Filebeat and Fluent Bit maintain a local spool queue (on disk) and retry sending logs until successful. Ensure sufficient disk space on agents to handle outages. Monitor queue depth and set alerts if it exceeds 80% capacity.

Is it better to use Elasticsearch or a dedicated log management tool like Splunk?

Elasticsearch is more cost-effective and flexible, especially for teams with engineering resources. Splunk offers more out-of-the-box features and support but is significantly more expensive. For most modern DevOps teams, the Elastic Stack provides superior value and scalability.

How often should I rotate log files on the source?

Rotate daily or when files reach 100–500 MB. Use logrotate on Linux with compression and deletion policies. Large files slow down Filebeat’s tailing process and increase memory usage.

Can I forward logs to multiple Elasticsearch clusters?
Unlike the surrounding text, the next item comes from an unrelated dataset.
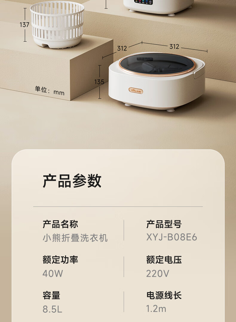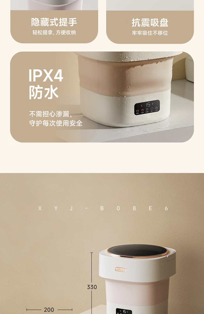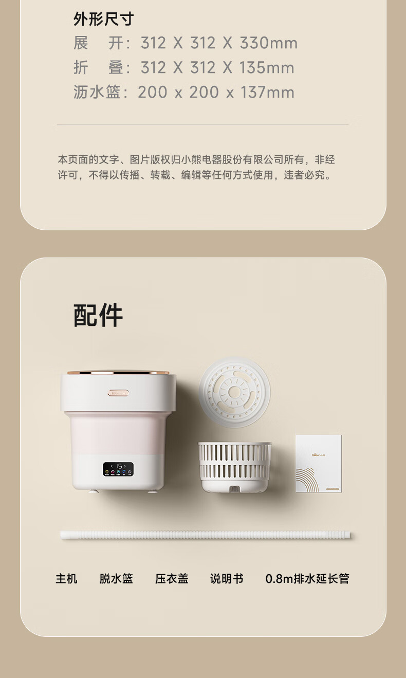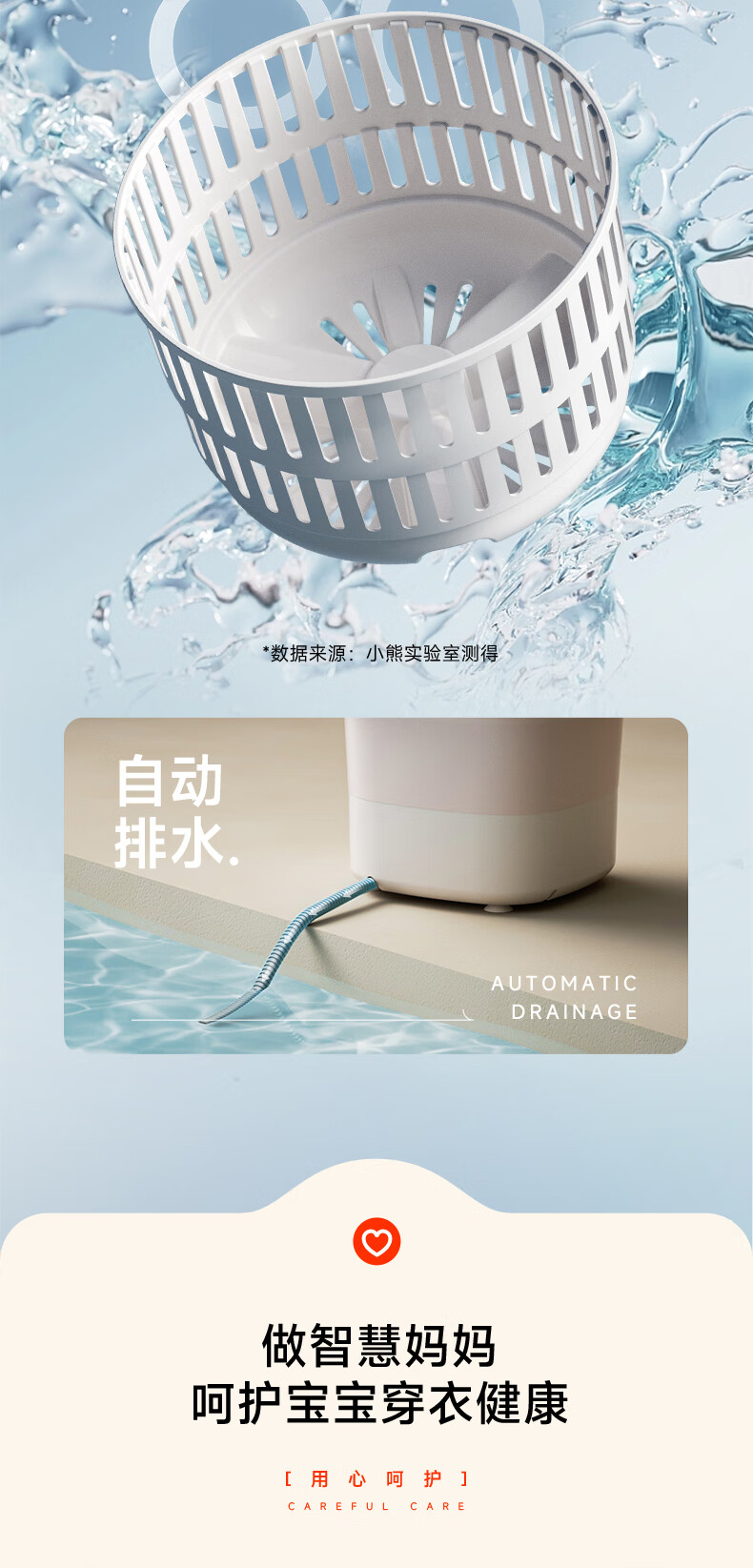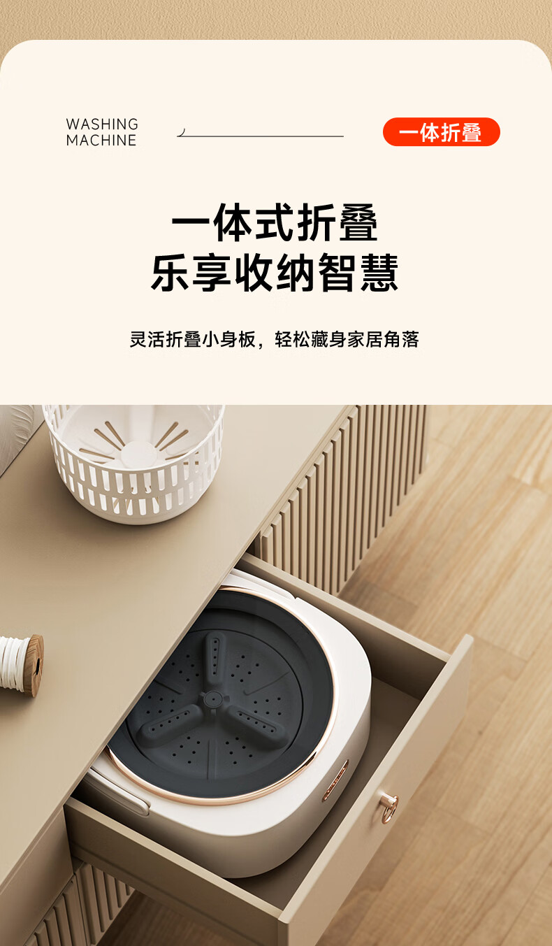 小熊(Bear)迷你洗衣机折叠洗衣机母婴儿童内衣洗衣机专用小型内裤清洗机除菌便携式微型宿舍半自动甩干脱水机
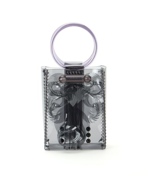 ポリ塩化ビニールを使用したMame Kurogouchi(マメ クロゴウチ)のアイコニックなハンドルバッグ。工業用素材として多く用いられる素材の美しさに幼少期の記憶にある冬景色を重ねたデザイナーが、自らカッターで切り、編み込み、原型を作ったのが始まりです。ガラスの様な繊細さをもち、立体モチーフが氷柱や氷をも連想させます。現在では裁断、パーツ加工、成型と組み立てが全て違う工場で行われ、職人の手作業によって組み立てられています。大きなリングのような持ち手が、装飾的なバッグ本体と印象的なバランスを生み出すデザイン。持ち歩く彫刻として、日々のコーディネートに華やかさを添えてくれる名品です。

Yes. Filebeat supports multiple output destinations. Use the loadbalance or failover option to send logs to primary and backup clusters for disaster recovery.

Conclusion

Forwarding logs to Elasticsearch is not merely a technical task — it’s a foundational practice for modern observability, security, and operational excellence. By centralizing logs from servers, containers, cloud services, and applications into a single, searchable repository, you unlock the ability to detect anomalies, troubleshoot failures, and optimize performance at scale.

This guide has walked you through the complete process: from selecting the right tools and securing your Elasticsearch cluster, to configuring agents, parsing unstructured data, managing indices, and applying real-world best practices. Whether you’re managing a handful of servers or thousands of microservices, the principles remain the same: automate, structure, secure, and monitor.

Remember: logs are only as valuable as the insights they enable. Invest time in building robust, maintainable log pipelines. Document your configurations. Monitor your forwarders. Continuously refine your dashboards and alerts. The goal is not just to collect logs — it’s to turn them into actionable intelligence that drives reliability, security, and innovation.

Start small. Test thoroughly. Scale deliberately. And let your logs guide you — not overwhelm you.